Bless you for thinking of this. |
You do not go from $20 to $25. That's a huge percentage!
Go up by $1 or 2. |
I agree. I think each family should go up by $1, that's a $2 increase and fair IMO (plus it leaves room for further raises down the line, if necessary). |
She's already getting paid very well for the area, depending on her experience level.

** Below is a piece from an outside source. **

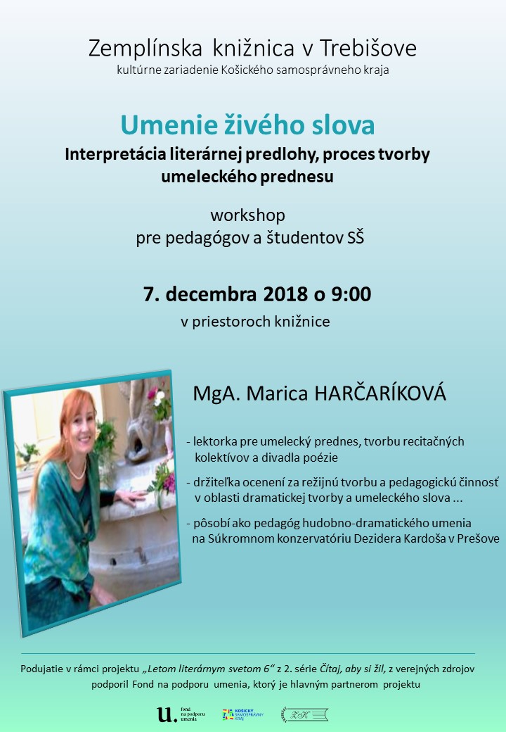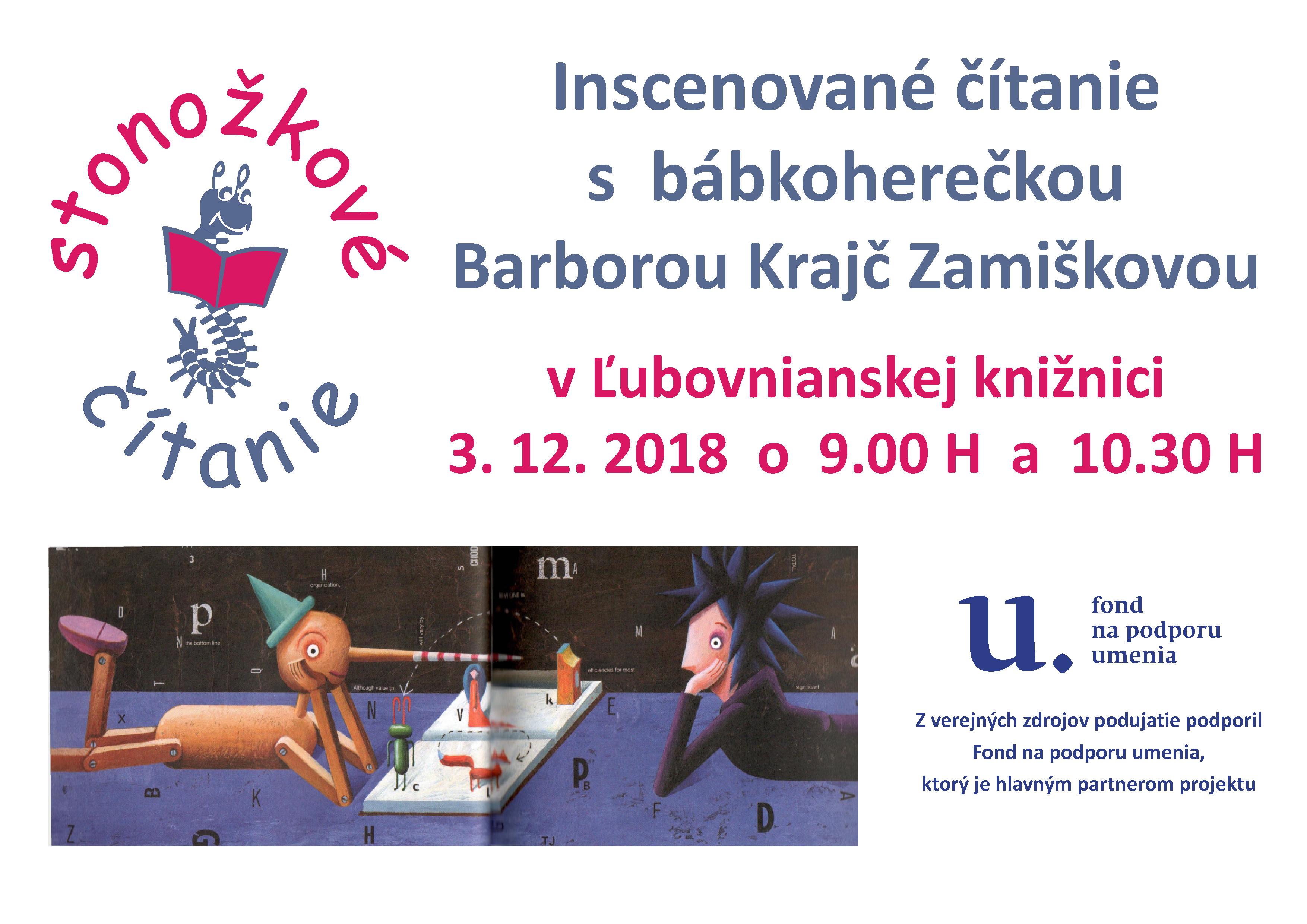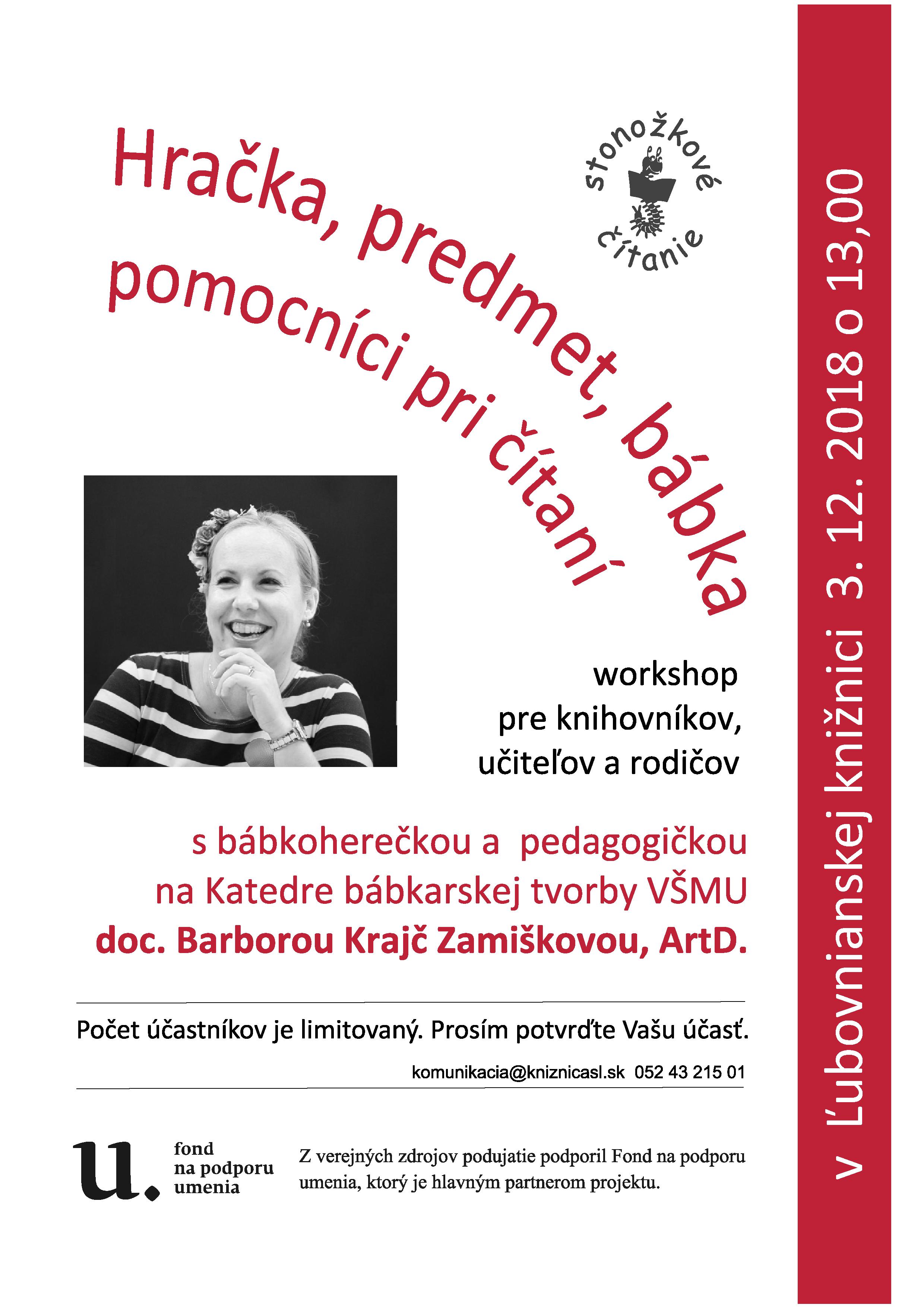 Workshop pre učiteľov pod vedením bábkoherečky a pedagogičky na Katedre bábkarskej tvorby VŠMU doc. Barbory Krajč Zamiškovej, ArtD. sa uskutoční 3.12.2018 o 13.00h v Ľubovnianskej knižnici

Would you want to offer more vacation time? A contribution to health insurance? The raise could be anywhere from 25 cents per hour per family to a dollar per hour per family. |
Are you about 70 years old? |
Another agreeing with these posters. |
Generally a cost-of-living increase and a merit increase is expected every year. Your nanny is on the low side for a share at $10 an hour per child/family. I would suggest at least an $1 an hour increase if you expect to employ her longterm (for another five years) or a $2 if you expect to have your kids in all day preschool or daycare within the next few years if you want to stop her from looking for another position. |
3-5% once they are at market. especially if you are keeping on over 4 years. |
Troll poster again. |
sorry! hijacking this thread since I also had this question as we approach the 1 year mark. What if you are already paying on the higher end? We pay $18/hr for a really easy child (she takes long naps - 2-3 hours, etc) - not a share.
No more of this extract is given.